Я не знал, что и сказать. Джим Боуэн казался таким искренним во всём этом. Это, как он выразился и было страшной частью.

Я поднялся, собираясь уходить.

— Думаю, время пришло, — сказал Джим.

Подошла официантка, с нашими счетами на маленьком подносике. Я потянулся за кошельком, но Джим заявил: — Нет, ты выслушал мою историю. Я угощаю.

Он выложил несколько банкнот и официантка убрала их.

Затем он поднял свою салфетку. Под ней были монеты — пятицентовики, десятицентовики, но в основном пенсы.

Он с отвращением отскочил, как будто стол покрывали живые пауки.

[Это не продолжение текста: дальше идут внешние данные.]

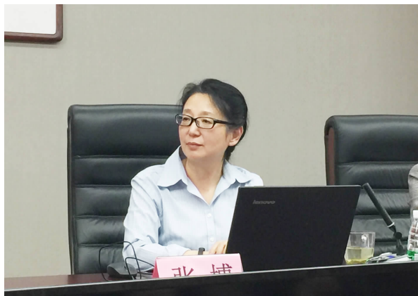
刘又辛先生等,他们在治学、做人方面对您影响最大的是什么?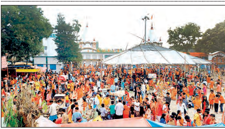
অমৃতি শিব মন্দিরে পুণ্যার্থীদের ভিড়। মালদায়।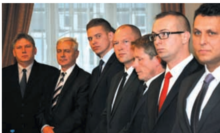
Po raz pierwszy od wielu lat radni wszystkich ugrupowań zagłosowali za przyjęciem budżetu

Po raz pierwszy od wielu lat wszyscy radni Wejherowa zagłosowali za przyjęciem budżetu w takim kształcie, jak zaproponował to prezydent miasta. Wprawdzie radni opozycji mieli kilka uwag krytycznych do projektu uchwały, ale – jak podkreślili – miał to być gest porozumienia i chęć dalszej współpracy.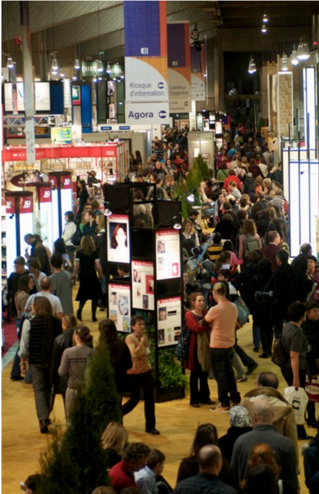
Salon du livre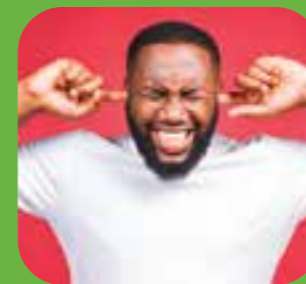
بیحد بلند too loud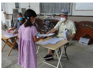
宿題を受け取る子ども

玉村町囲碁会は、毎週土曜日勤労者センターで「子ども囲碁教室」を開いています。しかし、新型コロナウイルス感染症が拡大してからは、感染防止のため対面を避け、プリントの宿題方式を取っています。

«Что ты будешь делать, если такое начнёт происходить с тобой?» — будто бы спрашивал Джо Айзенберг. Джим явно был ошеломлён. Я тоже, самую малость.

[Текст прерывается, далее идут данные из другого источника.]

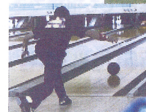
スポーツ大会 への参加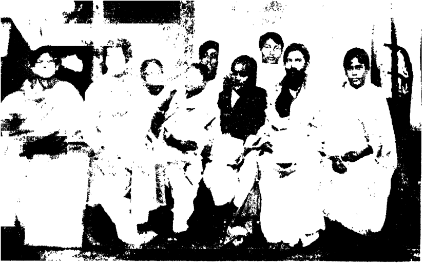
লেদের অনেকগুলি হাতে-লেখা পত্রিকা ছিল

Я думал, он упадёт в обморок. Но, вместо этого, с опаской, он сбросил всё со столешницы.

Вернулась официантка, протягивая ему маленький подносик.

— Ради всего святого! Сдачи не надо!

Человек, который нашёл сердце леса

Переходники и другие тревожные истории (ЛП) - nonjpegpng_image011.jpg

Он был обычным зрелищем на дневных улицах — с виду один из несчётных безумцев, населяющих тротуары любого большого города — грязный, оборванный, бормочущий себе под нос, его глаза рассматривали видения, скрытые от всех прочих.

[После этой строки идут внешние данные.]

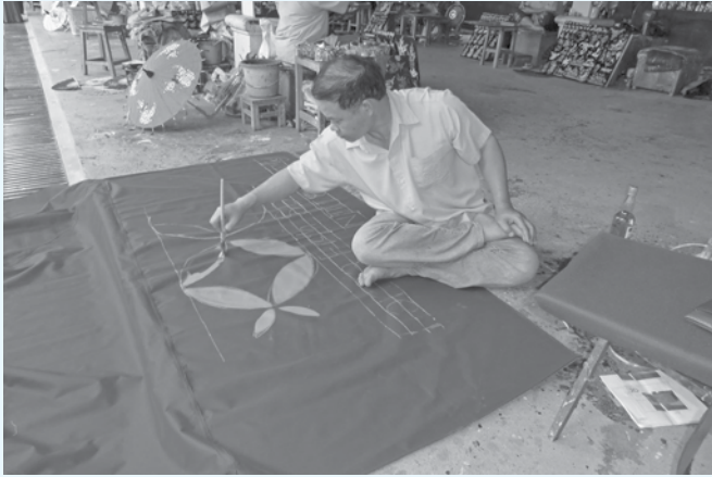
برش و ساخت چتر در دهکده ای در تایلند

Люди таращились на него или обходили, или нервно смеялись, когда он рычал на них и хватал руками воздух. Но они не боялись его. Они не знали, кем он был на самом деле.

Тигр, о тигр, светло горящий…

Зверь обитал в лесу, в зелёной тьме; иногда в тишине и тумане, когда листья под лапами истекали росой и он оставался в полном одиночестве; иногда в многолюдстве под светом солнца, когда вода алмазами лилась с деревьев и было полно людей-призраков, в их ярких одеждах, тараторящих, с забавными портфелями, сумками и детскими колясками; а ещё в грохочущей тьме, где поезда метро извивались среди древесных стволов колоссальными мерзкими червями.

Его звали Джекки. Если бы он постарался, то смог бы даже это запомнить.

Зверь вышагивал по Всемирному Торговому Центру. Он часто так делал, выжидая в огромной пещере, заполненной виноградными лозами, где кишели люди-призраки, где вокруг носились тысячи вопящих обезьян в костюмах-тройках. Он затаивался на вершинах эскалаторов, среди слонов, лениво пасущихся в высокой траве, их громадные округлые формы в полумраке окружали его, словно маленькие горы. Он наблюдал, как люди-призраки поднимались по эскалаторам в мир и всматривался в их лица, будто спрашивая каждого из них: — Ты знаешь дорогу? Ты знаешь дорогу к сердцу леса? Но они не знали. Все они были глухи к подобным вещам. Они вообще не замечали леса.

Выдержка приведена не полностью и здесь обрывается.